İlhan, "Görülüyor ki çoğu zaman plaj ve denizde fizik mesafeyi sağlamak mümkün olmamakta, daha da riskli olarak plajda vatandaşlar maske takmamaktadır. Oysa bu alanlar virüs için çok uygun ortam oluşturmaktadır. Türkiye'de farklı illerden gelen vatandaşlar, hatta gurbetçi vatandaşlarımız ile risk daha da artmaktadır. Bu nedenle, tatil beldelerinde plajda etraftakilerle aradaki mesafenin en az 1,5-2 metre olması, deniz ya da havuzda yakın yüzülmemesi, ortak alanların kullanımında hijyene dikkat edilmesi, ortak duş, kabin kullanımından kaçınılması önem taşımaktadır." ifadelerini kullandı.
"KIŞLIK ERZAK İÇİN HAZIRLIKLAR TOPLU OLARAK YAPILMAMALI"
Sonbaharın da yaklaşmasının riski artıracağına değinen Prof. Dr. İlhan, "Önümüzdeki süreci en az temasla, en az bulaşma geçirmek zorundayız.
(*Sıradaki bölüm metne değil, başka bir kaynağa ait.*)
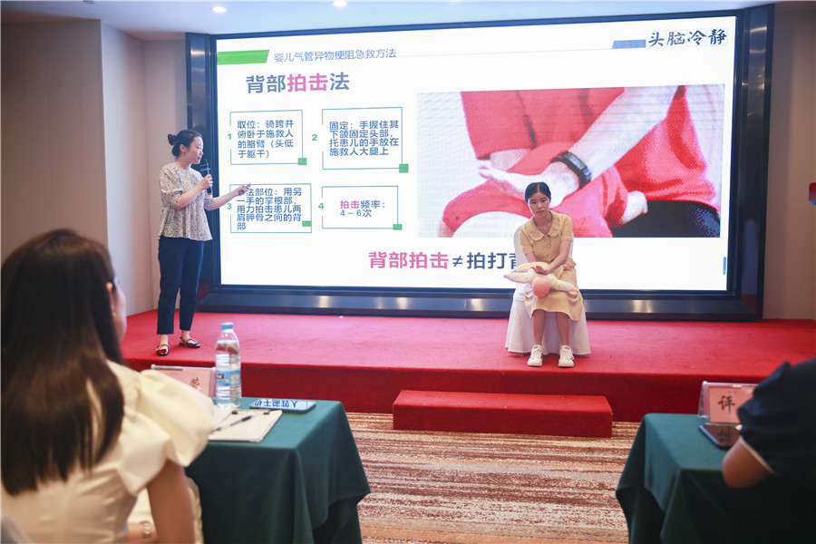 氣管異物是導(dǎo)致幼兒意外死亡的常見原因,多發(fā)生在1-5歲的兒童,其發(fā)病驟然,病變迅速,危險性大,怎樣快速又準(zhǔn)確地對幼兒進(jìn)行急救,挽救其生命,是每位幼兒教師義不容辭的責(zé)任。鄂爾多斯職業(yè)學(xué)院郝欣老師團隊,以《氣管異物及急救》為主題,分步驟、有條理、舉實例,詳細(xì)生動地講解了氣管異物急救的處理方法,并榮獲本次教師教學(xué)能力競賽一等獎。接著,長沙民政職業(yè)技術(shù)學(xué)院教學(xué)咨詢與指導(dǎo)團隊專家、湖南省教育考試院藝術(shù)類考試評委庫專家胡蓉作為評審專家,在點評時分享了“無學(xué)生授課”的三條解決路徑:一,教師可以進(jìn)行新知講解;二,可以進(jìn)行操作示范或演示;三,可以對學(xué)生作品或作業(yè)進(jìn)行評價小結(jié)。

Zira ağustos ayı geliyor ve sonbahara, insanların işine, okuluna, büyük şehirlere dönmesine az zaman kaldı. Bu nedenle ne kadar düşük rakamlar ile sonbahara girilirse o kadar az zarar ile süreç atlatılacaktır." değerlendirmesinde bulundu.
Eylül ayı ile mevsimsel grip, zatürre gibi bu dönemde en sık görülen ve ölümcül sonuçlara yol açabilen solunum yolu hastalıklarının da görülme sıklığının artacağını vurgulayan İlhan, bağışıklık sisteminin güçlü olmasının önemine işaret etti.
Sonbaharla birlikte kışlık yiyecek için de hazırlıkların yapılmaya başlandığını, bunun için çok sayıda kişinin bir araya gelebildiğini anlatan İlhan, şöyle konuştu:
"Malum yaz aylarında Anadolu'da kadınlarımız bir araya gelip kış hazırlığı yapıyor, tarhana, yufka gibi çeşitli erzaklar hazırlıyor. Kurban Bayramı sonrası etlerin parçalanması ve hazırlanması için de bir araya geliniyor. Kışlık erzak için hazırlıklar toplu olarak yapılmamalı, herkes kendi evinde yapmaya çalışmalı, birliktelikten olabildiğince kaçınılmalı. Eğer yapılacaksa bile maske takılmalı ve fiziksel mesafe korunarak çalışılmalı."
"TAZİYELER, MÜMKÜNSE İLETİŞİM ARAÇLARI İLE VERİLMELİ"
Türk gelenek ve göreneklerinde acı tatlı günde bir araya gelinmesinin çok önem taşıdığından düğün, asker uğurlama, sünnet ve cenaze törenlerinde çok sayıda kişinin aynı ortamda yer alabildiğine dikkati çeken İlhan, bu süreçte bundan kaçınılmasının hayati öneme sahip olduğuna işaret etti.
Yeni vakalarda asker uğurlama ve taziye ziyaretlerinin etkisinin olduğunun verilerle ortaya konduğunu hatırlatan İlhan, bunların da iletişim araçları kullanılarak yapılmasının uygun olduğunu belirtti.
Bilim Kurulu Üyesi Prof. Dr. İlhan, sözlerini şöyle tamamladı:
"Cenazelerde, özellikle camilerde fiziki mesafe kuralına uyulduğunu görüyoruz ancak taziyelerde kimi zaman fizik mesafe ve maske kuralına uyulmuyor. Her ne kadar bizim değerlerimizde taziye vermek çok önemli olsa da mümkünse şu an için iletişim araçları ile taziye verilmeli ya da kısa süreli temas etmeden fizik mesafe ve maske ile taziye yapılmalı. Mutlaka yapılacaksa, ziyarete gelenler toplu olarak kabul edilmemeli, maske asla çıkarılmamalı ve diğer tedbirlere uyulmalı. Unutmayalım, yaşamak ve yaşatabilmek için fiziksel mesafe, maske ve hijyen en büyük kalkanımız olacak."